Flop shots, flop shots played backwards, sorry, making someone shut a door, actually they’re opening a door in the original shot, but we find a way of constructing a new little scene where the paramedic is locking himself into his room by reversing the shot where he opens the door, and now it looks like he’s shutting it in an anxious way in response to Ma-Ma’s thug, right? It was actually quite good fun, figuring out that stuff, terrifying at the same time.
So why was there so little spare?

Alex Garland

That’s a good question. A complicated question. Some of the flexibility within the main shoot got eaten up by some quick decisions that were made on set to shoot some new material. So that new material was effectively taking the place of some stuff that had been shot earlier that we weren’t quite happy with. And so we used some of our extra give in principal photography, I guess you’d say.

But the real problem was that the script was too lean in some respects and I think maybe because I’d spent so many years writing it, too much of the fat had gone, and actually you really want to over-shoot so when you’re in the edit you have the freedom that we were talking about. It’s like it had got too honed. And of course, we were trying to make like a $60m film for 35 or whatever it was supposed to be. So we were always saying, ‘Do you really need that scene? Do you really need that scene? Okay, no, let’s cut it.’ And so I guess that’s the reason.
Given that the character is not well known internationally, do you think that the movie might not be a big hit in other countries outside of the UK?

Alex Garland

Oh God, I don’t know. I mean, yeah, it might not. Maybe it will. I don’t know. (Laughs) I’ll find out in a few weeks. I’ll tell you one thing, I’ve never, ever, ever been able to accurately predict box office of any film. I’ll sort of think, ‘Oh I bet that makes around this’, and then it’s totally wrong. I’ve just given up trying to guess.
When you took this project in the first place, did you think about that? Were you are afraid that maybe it wouldn’t be a hit in America or other countries?

Alex Garland

No. Because if you thought about the reasons not to make something, I can promise you, you would be paralyzed. You just wouldn’t get out of the gate. There are far more reasons not to do it, always, than to do it. Always.
What’s your favourite scene in the film?

Alex Garland

Slo-Mo. Slo-Mo is my favourite. It was the hardest thing to get right. We started pre-vis-ing that while we were shooting Never Let Me Go, a long way back we were trying to figure that out. John Thum, the effects supervisor and I were trying to figure out: can you stack all these slow shots right up next to each other? How long can you stretch that before it breaks? And we were working on it until the closing minutes of the grade, at the very, very end of post-production.

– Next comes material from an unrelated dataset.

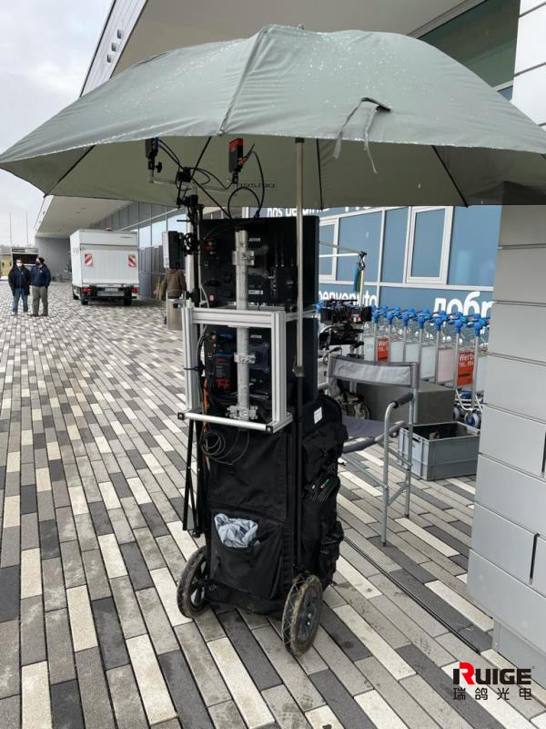 你以为这样就完了吗?当在户外拍摄遇到雨雪等恶劣天气,拍摄车上居然还可以安装超大雨伞进行防护,真的是太完美了。

Changing the colours, over-saturating, pulling it out, adding a big fat vignette all around it, taking the vignette off, making it a bright vignette, I mean, it was right; it was the first thing we started on and it was the last thing we ended on. They are my favourite moments, some of those drugs slo-mo moments.
If you were going to title the comic of the movie, would you call it Slo-Mo?

Alex Garland

What, you mean if it was a comic adaptation? I’d call it Peach Trees, for sentimental reasons, because that’s where I first met John Wagner, it was in a café called Peach Trees. Then we called the working title of the film Peach Trees. The tower block it all happens in is called Peach Trees, so I’d call the comic Peach Trees.
Have you had a discussion about a sequel and would you sign up for it and so forth?

Alex Garland

There’s an awful lot of variables in that. But if there was a sequel, I’ve got ideas for it, but I can’t tell you, as in I can’t tell you how much there would be to figure out before you even got to that stage. And it needs to hit a level of box office that 18 certificate and R rated films tend not to reach.
It's up against it?

Alex Garland

It really is, in a huge way. It’s got a stacked deck, slightly.
Let’s assume, for arguments sake, there is a sequel. You’ve already talked about what you would like to do in the grand scheme of things, things like Judge Death and the third film and things like that. What about some of the humour? What about some of the elements like Walter the Wobot and Maria the Landlady?

Alex Garland

Yeah, sure. I’m not well suited. It’s also a broader question because a lot of Dredd over the years has been overtly comic satire, deliberately, aiming to make you laugh, as it were. It’s not me. You could do that, I have no doubt you could make that film and it would function as a film, but I’m not the right guy to be involved in that film. I’d be happy to see it, but I can’t imagine doing it. It wouldn’t be Walter that I’d put in, it’d be Chopper. If you, tonally get the…
So not within your Dredd universe then?

Alex Garland

It’s not my Dredd universe. I was very careful, even if we couldn’t do stuff the same as the comic, I always wanted it to belong. That’s why John was involved, was to make sure that Dredd was Dredd.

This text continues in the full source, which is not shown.